The Gramm-Leach-Bliley Act which was the legislation Clinton signed in 1999 to repeal Glass-Steagall, also voided portions of the 1956 Banking Holding Company Act, allowing insurance companies and securities firms to be housed under the same umbrella in financial holding companies. This is how AIG blew itself up. As we previously reported:
“AIG owned, in 2008 at the time of the crisis, the FDIC insured AIG Federal Savings Bank. On June 30, 2008, it held $1 billion in assets. AIG also owned 71 U.S.-based insurance entities and 176 other financial services companies throughout the world, including AIG Financial Products which blew up the whole company selling credit default derivatives.”
As for Fannie Mae and Freddie Mac, they were buried under derivatives and toxic mortgage products sold to them by the Frankenbanks on Wall Street – which would not have been able to accumulate that level of toxic sludge without the repeal of the Glass-Steagall Act.
Notably, Summers gives short shrift to Citigroup’s (Citi’s) role in the financial crash. It was a toxic blend of investment bank, brokerage firm, insurance company, and FDIC-insured bank only because of the repeal of Glass-Steagall. And, it received the largest taxpayer bailout during the crash than anything remotely akin to it in U.S. history: $45 billion in equity infusions, over $300 billion in asset guarantees, and more than $2 trillion cumulatively in below-market rate loans from 2007 through 2010, despite the fact that it was insolvent much of that time.
One wonders if the revisionist history on Citigroup might have something to do with the fact that Summers’ former boss in the Clinton administration, former U.S. Treasury Secretary Robert Rubin, went directly from that post to Citigroup where he received more than $120 million in compensation over the next decade as the bank’s stock price went from $55 to 99 cents. Summers himself was a paid consultant to Citigroup for a period of time according to Bloomberg News.
Senator Bernie Sanders, the man to whom Summers feels it necessary to lecture on the finer points of Federal Reserve and financial policy, is the Senator who forced the Federal Reserve to reveal the trillions in loans it had made to Wall Street and foreign banks by placing an amendment in the financial reform legislation.
Sanders was also one of only 57 members of the House of Representatives (he was in the House prior to the Senate) who voted against the Gramm-Leach-Bliley Act that repealed Glass-Steagall.

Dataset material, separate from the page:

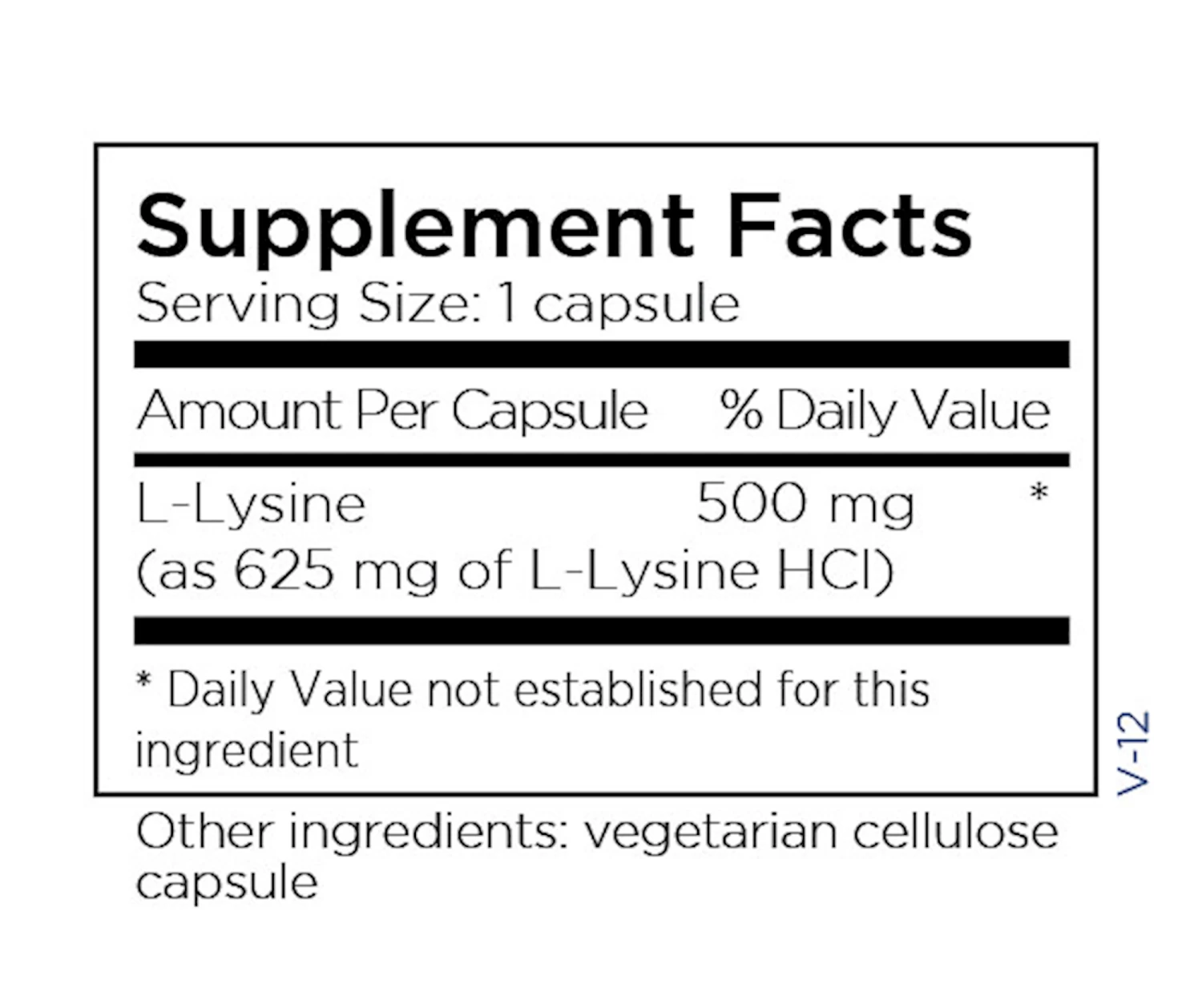 Source Materials: L-lysine: fermentation. Cellulose for capsules is derived from softwood tree pulp. All ingredients are vegan and non-GMO. Allergens: According to information provided by our suppliers, these capsules are free of the eight major allergens as identified by the Food Allergen Labeling and Consumer Protection Act of 2004 (FALCPA): Wheat (gluten), eggs, milk, soybeans, shellfish, fish, peanuts, tree nuts. Recommendations: Use as directed by a healthcare professional. Most effective when taken between meals. Precautions: Pregnant or lactating women and individuals taking prescription medications should consult with a healthcare professional before taking any supplement.

From the floor of the House during the legislative debate, Sanders said the revocation of Glass-Steagall “will lead to fewer banks and financial service providers; increased charges and fees for individual consumers and small businesses; diminished credit for rural America; and taxpayer exposure to potential losses should a financial conglomerate fail. It will lead to more mega-mergers; a small number of corporations dominating the financial service industry; and further concentration of economic power in our country.”
Every prediction that Sanders made became a reality while Summers’ prediction that the repeal would be “the right framework for America’s future financial system” was disastrously dead wrong. Viewed in that light, should Larry Summers simply STFU?